Как бы то ни было, но спустя сутки в Заводской райотдел милиции поступило заявление от гр. Ермошиной Л. М. об изнасиловании. В качестве обвиняемого фигурировал гр. Сазонов А. К. Заява, составленная по всем правилам юридической казуистики, содержала массу отягчающих обстоятельств: «применение физического насилия», «особый цинизм», «запугивание» и даже «извращенную форму».
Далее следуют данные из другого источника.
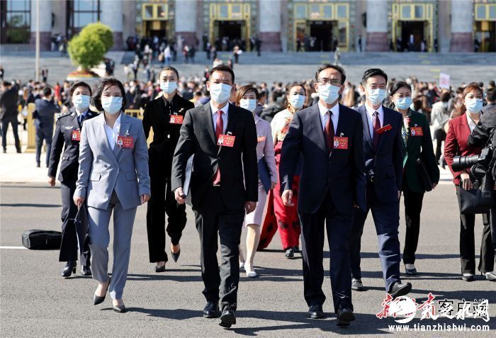 10月16日,中国共产党第二十次全国代表大会开幕会结束后,甘肃代表团代表满怀信心、步履坚定地走出人民大会堂。新甘肃·甘肃日报记者 高 樯

Выяснив личность заявительницы, дежурный следователь лишь саркастически хмыкнул: он прекрасно знал Мандавошку, потому что и сам многократно прибегал к ее интимным услугам. Но заявление, конечно же, зафиксировал – накануне ему позвонили из ГУВД, настоятельно посоветовав раскрутить производство «дела об изнасиловании» по полной программе.

К тому же потерпевшая заявилась в ментуру не одна, а с дедушкой, заслуженным ветераном конвойных войск МВД. Выпятив узкую грудь, обвешанную вертухайскими медальками медно-никелевого сплава, старик долго и нудно варьировал одну и ту же тему: «Куда смотрит милиция?!»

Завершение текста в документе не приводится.